Deferred maintenance is a value destroyer in this industry. Aging equipment that requires replacement within 2-3 years of acquisition gets deducted from the purchase price dollar-for-dollar. A $2M production line replacement that the buyer will need to fund post-close comes straight off the offer. If you're 2-3 years from selling, invest in the CapEx now — you'll get it back at closing through a higher multiple on higher EBITDA.

The Clean Label and Better-For-You Premium

Not all food categories are valued equally, and the trend premium in 2026 is unmistakable. Clean label, organic, plant-based, functional foods, and better-for-you products command acquisition premiums of 2-4x over conventional equivalents. Strategic acquirers are buying growth in these categories because building it organically is slower and riskier.

The beverage sub-category is particularly hot. Our data shows 121 beverage manufacturing transactions with a median EBITDA multiple of 11.59x — above the broader food manufacturing median. Functional beverages, better-for-you sodas, adaptogen drinks, and premium non-alcoholic beverages are attracting both strategic and PE interest.

If your product line spans conventional and better-for-you, consider how you present the business to buyers. Leading with the growth segments (even if they're smaller) and telling a credible innovation story can shift buyer perception from "mature food manufacturer" to "growth platform with existing scale." That narrative shift alone can move multiples by 2-3x.

Cold Chain and Distribution Capability

In refrigerated and frozen food manufacturing, cold chain capability is a significant asset. Owning or controlling cold storage, refrigerated trucking relationships, and temperature-controlled distribution networks is both expensive to build and operationally critical. Buyers view integrated cold chain as a competitive moat.

Shelf-stable manufacturers have a different advantage: simpler logistics and lower distribution costs. But they also face more competition because the barriers to entry are lower. The valuation calculation is different for each, and you should be prepared to articulate why your logistics model creates value that a competitor can't easily replicate.

Who's Buying and What They Pay

The buyer landscape for food manufacturing is broad and active. Strategic acquirers (CPG companies) pay the highest multiples for brands that complement their portfolio and can be scaled through their existing distribution. PE firms are building platforms through buy-and-build strategies, acquiring a platform company at 7-10x and bolt-on acquisitions at 4-6x. Family offices are increasingly active in food manufacturing because of the essential nature of the product and the recurring demand.

For businesses preparing for sale, understanding which buyer type your business appeals to is critical for setting valuation expectations. A $3M EBITDA branded snack company will attract different buyers (and different multiples) than a $3M EBITDA contract manufacturer.
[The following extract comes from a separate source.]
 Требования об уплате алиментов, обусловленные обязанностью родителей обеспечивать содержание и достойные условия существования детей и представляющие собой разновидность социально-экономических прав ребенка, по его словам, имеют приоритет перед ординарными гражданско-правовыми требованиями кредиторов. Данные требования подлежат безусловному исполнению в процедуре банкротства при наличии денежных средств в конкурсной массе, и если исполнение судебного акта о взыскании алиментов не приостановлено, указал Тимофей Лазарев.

What to Do Before Going to Market

  • Diversify your customer base. If your top customer is above 20% of revenue, aggressively pursue new accounts before selling.
  • Get SQF or BRC certified. The cost is minimal compared to the valuation uplift.
  • Invest in deferred CapEx. Replace aging equipment now and let the improved EBITDA flow through your trailing twelve months.
  • Document your formulations. Proprietary recipes and processes should be documented, protected (trade secret protocols), and not solely in the founder's head.
  • Build your brand story. If you have a branded product, invest in the data that proves product-market fit: velocity data, repeat purchase rates, social media following, Amazon reviews.

The Bottom Line

Food manufacturing valuations reward brand ownership, customer diversification, regulatory compliance, and capacity to grow. The spread between a well-prepared food manufacturer and an unprepared one is massive — easily 3-5x EBITDA in multiple differential. Given the active buyer market and the current multiples in the sector, the investment in preparation pays for itself many times over at closing.